Поэтому в понимании Ильина освободить себя значит стать господином своих страстей. Свобода от страстей согласно концепции философа состоит в том, что страсти человека сами служат духу и ведут его к цели. Мыслитель настаивает на том, что внутренняя свобода не является отрицанием закона и авторитета. Внутренняя свобода в его понимании есть способность духа самостоятельно увидеть верный закон и самостоятельно осуществить его в жизни. Свобода не есть произвол, утверждает русский философ и заостряет внимание на том, что свобода царит над произволом, человек должен быть свободен от произвола, так как он должен преобразить его в духовное и предметно обоснованное произволение.

Таким образом, можно заключить, что согласно концепции философа внешняя свобода есть естественное и необходимое условие для водворения и упрочения внутренней. «Из внешней свободы – этой необходимой основы религиозной веры и жизни – должна возникнуть духовная самостоятельность и самодеятельность человеческой личности в ее отношении к Богу и затем к людям и природе» (2, с. 97).
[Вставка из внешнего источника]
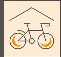
Fahrradkeller und Duschkabine

Weitere Benefits finden Sie unter: www.salzburgresearch.at/benefits

В этой связи Ильин отмечает, что человек живет для того, что в нем живет; и он живет тою силою, для которой он живет. Это означает, что творческая основа жизни человека есть сама высшая цель его

 

 

–  126  –

 

бытия; или, иначе, цель человеческого бытия осуществляет себя сама в его жизни. Следовательно, Абсолютное освобождает себя в процессе душевной и духовной жизни человека.

Этот процесс представлен в концепции Ильина следующим образом: «внутреннее» наталкивается на что-то «внешнее», извне данное, на некое «инобытие». Это инобытие имеет следующее:

– видимую самостоятельность и ограничивает «нашедшую» его внутреннюю силу;

– не чуждо внутреннему, освобождающемуся началу, но представляет из себя объективное видоизменение той абсолютной Идеи, по отношению к которой «внутреннее» является субъективным видоизменением.

Исходя из этого, можно заключить, что объективное и субъективное, или, что то же, «предмет» и «самость», «явление» и «сущность», «другое» и «субъект», «внешнее» и «внутреннее», – есть модусы единой сущности, хотя и не равноправные модусы. Следовательно, «освобождение» заключается в том, чтобы истинная сущность вещей явилась осознанной субъектом, адекватно им познанной. «Сущее само по себе» станет «сущим для себя», и откроется выход в последнюю сферу – в сферу спекулятивного тождества субъекта и объекта, разума и свободы.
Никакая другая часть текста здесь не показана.